In other words, the therapies work together to attack brain cancer cells from the inside.
“Brain cancer is a deadly disease, and when it returns there are extremely few treatment options and survival is usually measured in months,” said Dr. Michael Vogelbaum. “The collective results from this virus study, include encouraging survival and excellent safety data, that offers hope for a new treatment option for patients with brain cancer.”
An estimated forty-percent of study participants who received higher doses of the combo treatment during the phase I clinical trial were still living after two years.
The researchers also noted that some study participants had partial or complete shrinkage of their tumor. Importantly, Toca 511 & Toca FC demonstrated a favorable safety and tolerability profile.
Dr. Bob S. Carter, chief of neurosurgery at UC San Diego Health, found that participants greatly benefited from the combo treatment.
“In some of my own patients, I have observed dramatic responses to this therapy,” said Carter, a co-author of the study. “We envision future applications where an entire panel array of anti-cancer genes could be delivered by this retrovirus platform.”
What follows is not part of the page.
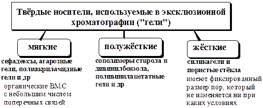 В качестве твёрдого носителя в гель-хроматографии используют различные сетчатые полимеры («гели»). Неподвижной фазой является элюент, находящийся в порах зёрен твёрдого носителя, подвижной фазой - этот же элюент, протекающий вдоль слоя частиц полимера. В процессе хроматографирования более мелкие молекулы проникают в поры геля и задерживаются в находящейся в них неподвижной фазе. Более крупные молекулы не проникают в поры и поэтому движутся быстрее. Таким образом, выход компонентов смеси из колонки происходит в порядке уменьшения их молекулярных масс (рис 24.10).

Previous findings published in 2012 and co-authored by Dr. Noriyuki Kasahara, a former UCLA researcher and member of the UCLA Jonsson Comprehensive Cancer Center, showed that RRVs could be used to selectively infect cancerous tumors while reprogramming them with therapeutic genes that could be used to kill cancer. Based on the new findings, the research has recently moved into a phase 2/3 international clinical trial, called Toca 5, for patients with recurrent glioblastoma or anaplastic astrocytoma.
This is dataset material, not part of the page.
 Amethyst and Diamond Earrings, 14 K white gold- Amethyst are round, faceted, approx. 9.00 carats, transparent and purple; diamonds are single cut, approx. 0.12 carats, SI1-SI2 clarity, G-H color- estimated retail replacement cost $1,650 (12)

More information about the trial can be found by searching clinicaltrials.gov using the clinical trial identifier NCT02414165.
This study was performed in collaboration with investigators at New Jersey Neuroscience Institute, JFK Medical Center, Edison NJ; Moores Cancer Center, Department of Neurosciences, University of California-Los Angeles, University of California- San Diego; Ohio State University Wexner Medical Center, Columbus, OH; Henry Ford Hospital, Detroit, MI; Department of Cell Biology and Sylvester Comprehensive Cancer Center, Miller School of Medicine, University of Miami; Ribomed Biotechnologies, San Diego, CA; University of Arizona Cancer Center, Tucson, AZ; Cleveland Clinic Foundation, Cleveland, OH.
The study was mainly funded by Tocagen; several non-profit organizations also supported the research, including Accelerate Brain Cancer Cure Foundation (ABC2), The National Brain Tumor Society, Voices Against Brain Cancer, the Musella Foundation, and the American Brain Tumor Association (ABTA).